» Problem to solve: Give back, exactly as written, the lines from the first line of the data below through the line with "(케이엠뉴스) 수원시청소년청년재단(이사장 최종진)은", and omit the pictures.
==== The data
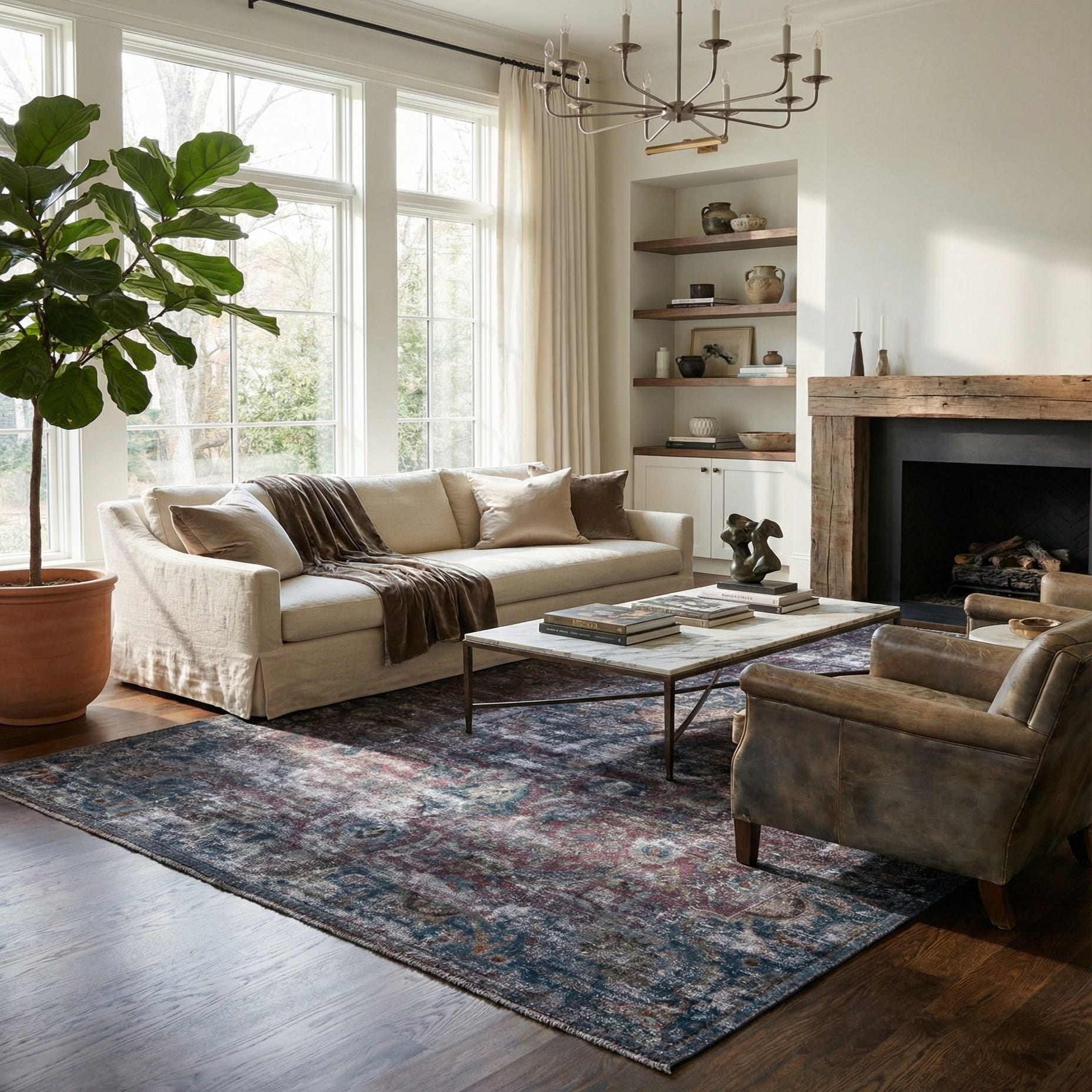 A 7x10 rectangular Ultra Vintage rug in distressed reds and blues with a faded Persian medallion pattern, suitable for a living room.
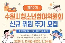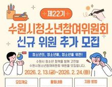 (케이엠뉴스) 수원시청소년청년재단(이사장 최종진)은 수원시 청소년의 정책 참여 확대와 권익 증진을 위해 '제22기 수원시청소년참여위원회' 위원을 추가 모집한다고 밝혔다. 수원시청소년참여위원회는 청소년기본법5조의2(청소년자치권의 확대)에 따라 청소년이 직접 정책 제안과 의견 개진에 참여하며 청소년 정책의 실효성을 높이기 위해 운영되는 공식 참여기구이다. 이번 추가 모집은 수원시에 거주하는 9세부터 24세까지의 청소년을 대상으로 하며 총 20명 내외를 선발할 예정이다. 활동 기간은 2026년 3월부터 12월까지이며 주요 활동 내용은 △수원시 청소년 정책 제안‧발굴 및 자문 △정책 관련 전문교육 참여 △청소년축제 기획 및 운영 △경기도 청소년참여위원회 및 관내 참여기구 교류 활동 등이다. 참여위원회 위원에게는 수원시장 명의의 위촉장이 수여되며 활동에 따라 봉사시간도 부여된다. 모집 기간은 2026년 2월 13일부터 2월 24일까지이며 신청은 재단 홈페이지 또는 수원시청소년청년재단 경영지원실로 문의하면 된다.
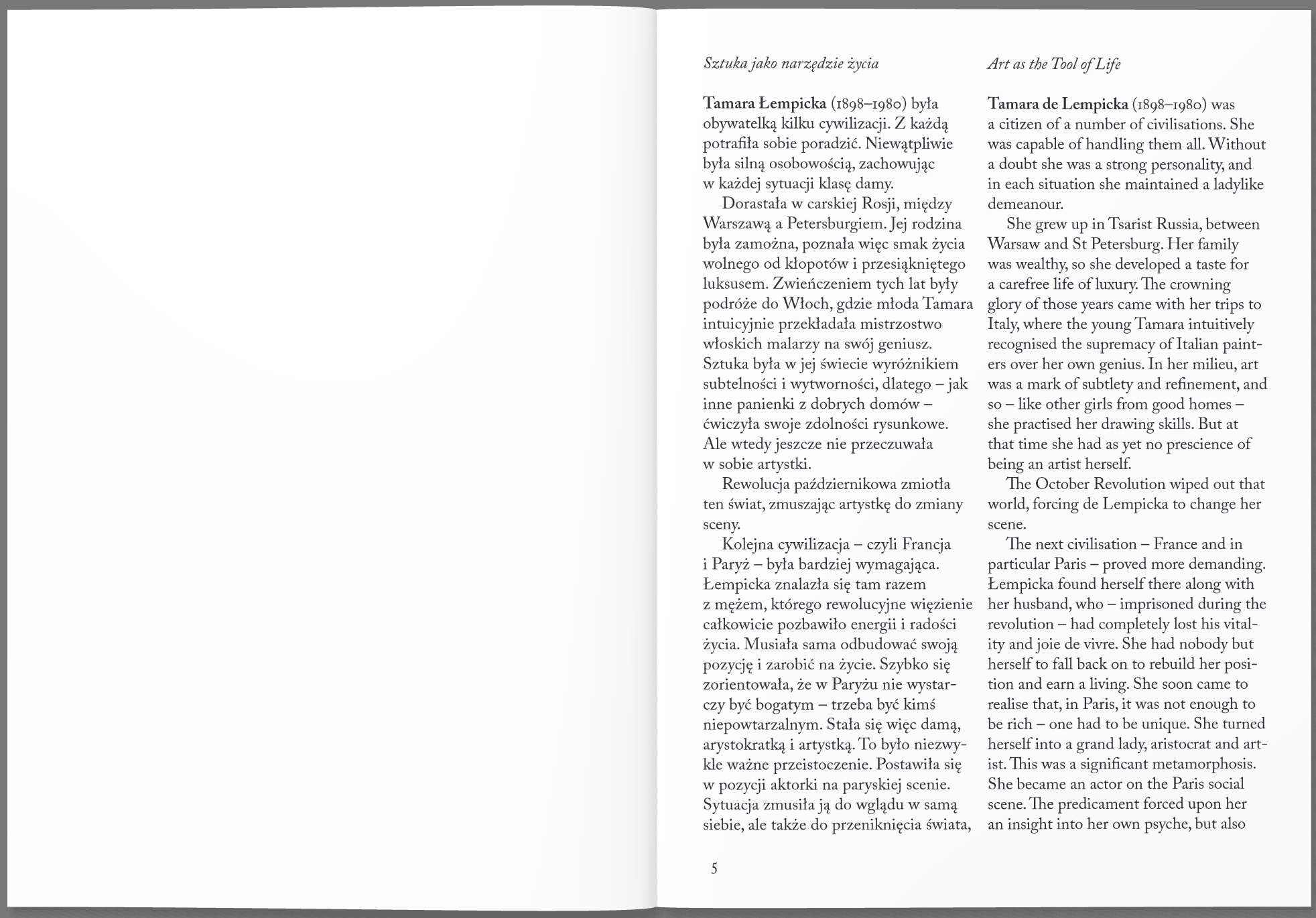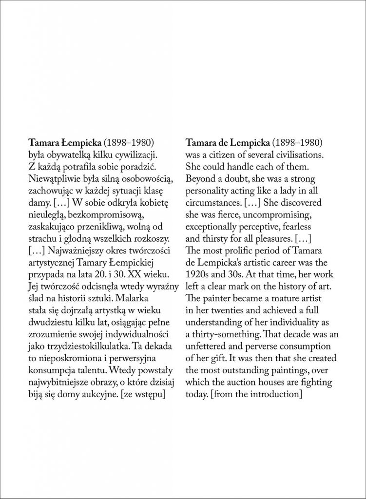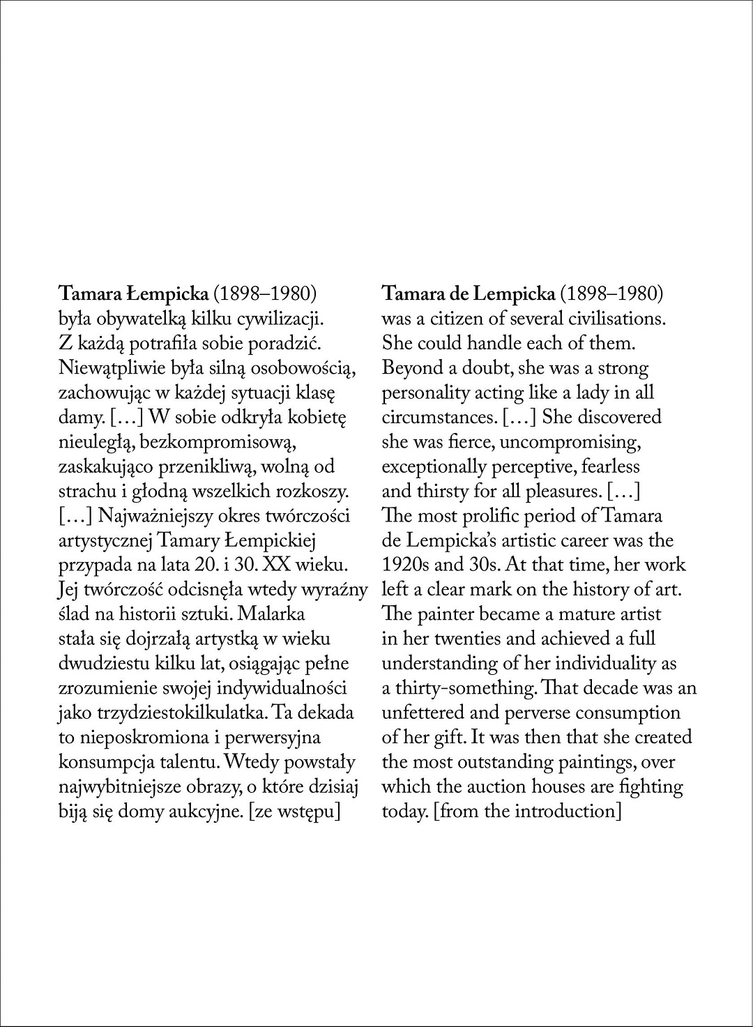 Tamara Łempicka (1898–1980) to najbardziej znana polska artystka na świecie. Jej obrazy należą do najchętniej kupowanych i osiągają zawrotne ceny na aukcjach. Królowa art déco pochodziła z zamożnej, wpływowej rodziny. Od najmłodszych lat interesowała się sztuką, z którą często obcowała. Elegancka, błyskotliwa skandalistka w Paryżu zrobiła furorę swymi portretami o świetlistych, żywych kolorach z wyraźnymi cieniami i w niestandardowej stylizacji. Z tego okresu pochodzą Autoportret w zielonym bugatti, Portret Iry P. oraz akty Andromeda i Kobieta z gołębiem. Po wyjeździe do Stanów Zjednoczonych malowała głównie portrety gwiazd Hollywood, słynąc przy tym z bujnego i dekadenckiego stylu życia. Szczególne miejsce w twórczości Łempickiej zajmują akty. Doskonałym przykładem jest Piękna Rafaela, arcydzieło art déco, które oddaje zmysłowość modelki i akcentuje jej cielesność.
========
» Answer box:
 A 7x10 rectangular Ultra Vintage rug in distressed reds and blues with a faded Persian medallion pattern, suitable for a living room.
 (케이엠뉴스) 수원시청소년청년재단(이사장 최종진)은 수원시 청소년의 정책 참여 확대와 권익 증진을 위해 '제22기 수원시청소년참여위원회' 위원을 추가 모집한다고 밝혔다. 수원시청소년참여위원회는 청소년기본법5조의2(청소년자치권의 확대)에 따라 청소년이 직접 정책 제안과 의견 개진에 참여하며 청소년 정책의 실효성을 높이기 위해 운영되는 공식 참여기구이다. 이번 추가 모집은 수원시에 거주하는 9세부터 24세까지의 청소년을 대상으로 하며 총 20명 내외를 선발할 예정이다. 활동 기간은 2026년 3월부터 12월까지이며 주요 활동 내용은 △수원시 청소년 정책 제안‧발굴 및 자문 △정책 관련 전문교육 참여 △청소년축제 기획 및 운영 △경기도 청소년참여위원회 및 관내 참여기구 교류 활동 등이다. 참여위원회 위원에게는 수원시장 명의의 위촉장이 수여되며 활동에 따라 봉사시간도 부여된다. 모집 기간은 2026년 2월 13일부터 2월 24일까지이며 신청은 재단 홈페이지 또는 수원시청소년청년재단 경영지원실로 문의하면 된다.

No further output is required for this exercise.